Whealey presents the counter-arguments of Petrus Dielus Huetius, a seventeenth-century Catholic bishop who was something of a Renaissance man and apologist for Christianity, and of Carolus Daubuz, a Huguenot pastor who prepared a concordance of words Josephus used in the disputed passage and words found in undisputed parts of his works. Such is the kind of detail that Whealey offers.

The author is interested to see the motivation of those who drew on Josephus' statement about Jesus. Confessional interests collided with philological concerns. For example, early Christians who believed in the perpetual virginity of Mary found it difficult to accept Josephus' description of James as the brother of Jesus. What Josephus indisputably wrote about James is pertinent to the disputed passage about Jesus. Discovering the motive of those who write of the motives of others is a subjective aspect of writing history.

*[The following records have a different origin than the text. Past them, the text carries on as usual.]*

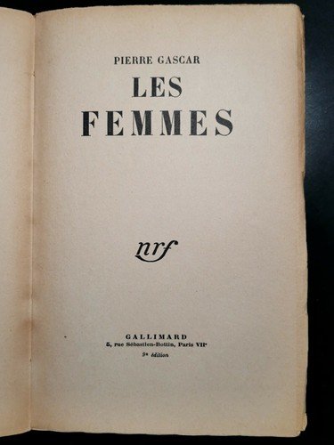 img{max-width:100%}LES FEMMES di Pierre Gascar. Gallimard editore, IX edizione, 1955. 219 pagine. Copertina editoriale in brossura. Stato di conservazione: molto buono (pagine normalmente ingiallite, piccola mancanza alla copertina)
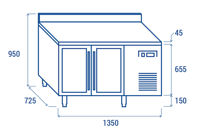 Среднотемпературна хладилна маса с две стъклени врати и борд, GN 1/1 съвместима
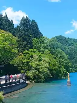 Lake Tazawa is Japan's deepest lake, known for its crystal-clear, vibrant blue waters and picturesque scenery throughout the year. Whether you choose to drive, take the lake bus, enjoy a boat ride, or rent a bicycle for a leisurely exploration, the stunning views around the lake are worth experiencing.
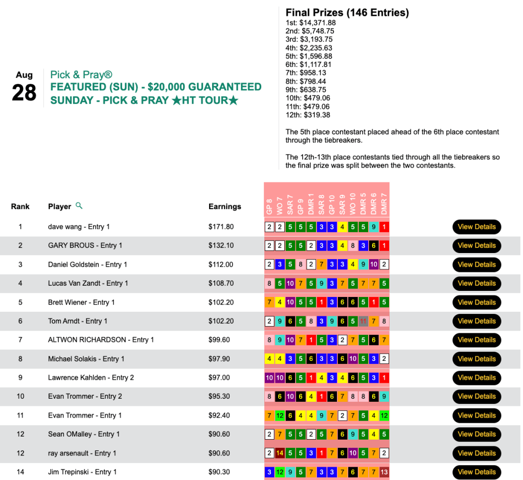 …and he was rewarded to the tune of $14,371 in Sunday’s HT Tour event, our $20,000 Guaranteed Pick & Pray, which ultimately paid out a total of $31,397. Wang’s giant performance deprived Gary Brous of what would have been a fourth Sunday victory (and 10th of the previous two weeks). Instead, Brous had to make do with second money of $5,748.
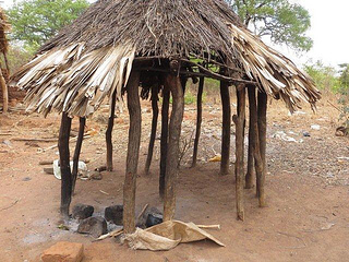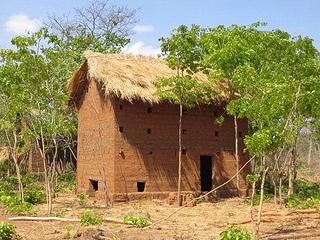 Yo estaba entusiasmado en sacar alguna foto a los hornos de tabaco, así que cuando vi un par que estaban muy nuevos y lindos, me detuve, y justo me dice Filipo que es la casa del mwenyekiti, o líder de la capilla católica: Mikaeli. En eso, nos saluda Mikaeli desde lejos, nos reconoce, y comienza a venir hacia nosotros. Estaba herido en una pierna, debido a una caída reciente en la moto. Nos pregunta la razón de nuestra visita y al enterarse que íbamos a ver a este enfermo, se sumó al grupo. Otro detalle mas, ya que si hubiéramos venido en moto, también nos perdíamos de esta compañía y apostolado.Unos minutos mas tarde llegamos a la casa del enfermo. La disposición de la casa, la cocina, etc. como es común en estos lados (les mando fotos: casas de barro, techo de paja, bajas, algunas casas cuadradas, otras en forma redonda). Clementi, que así se llamaba el enfermo, estaba postrado en un colchón muy pobre, puesto directamente en el piso. La casa de barro… sin puerta, y muchas cosas guardadas en la misma habitación.

In her discussion of the early modern scholarship on TF, Whealey shows that skepticism was sometimes due to the spirit of criticism of ancient sources that led to the discovery of fraudulent documents such as the Donation of Constantine. Some of the skepticism also derived from questions about the existence of Jesus since the Enlightenment.

But skepticism also was due to confusion between Josippon and Josephus' Antiquities. Josippon was a tenth-century Hebrew translation of a synthesis of the first sixteen books of Josephus' Antiquities, excerpts from Pseudo-Hegesippus' De excidio Hierosolymitano, and parts of the Apocrypha (p. 58). Whealey's dissecting of the role of Josippon in the discussion of TF seems at times to lose sight of the fact that the TF is found in Antiquities Book 18, whereas Josippon draws only upon the first sixteen books of the Antiquities.

The author observes that the nineteenth-century Jewish Austrian historian, Robert Eisler, showed that a hostile remark about Jesus appears in one version of Josippon, and argued that remarks about Jesus were erased from other versions. But it is not clear to this reviewer how Josippon contributes to the discussion of TF. In this section of her book she might have benefited from Louis Feldman's remarks on Josippon in "Flavius Josephus Revisted," in Aufstieg und Niedergang der römischen Welt (1984).

Whealey's contribution to the discussion of TF is valuable and very interesting. It would be interesting to patient readers who are not scholars. The author [End Page 183] includes in a small book not only a lot of information, but very thoughtful discussion about it. There are a few places where the editors didn't proofread carefully, and it is odd that she should not mention some contemporary scholars. Clearly the author's interest was in the warp and woof of the discussion through the ages rather than trying to be encyclopedic in mentioning every contemporary scholar. But her attention to details of the discussion that few of us know about offers a significant contribution to the intriguing questions hovering around Josephus' testimonium to Jesus Christ.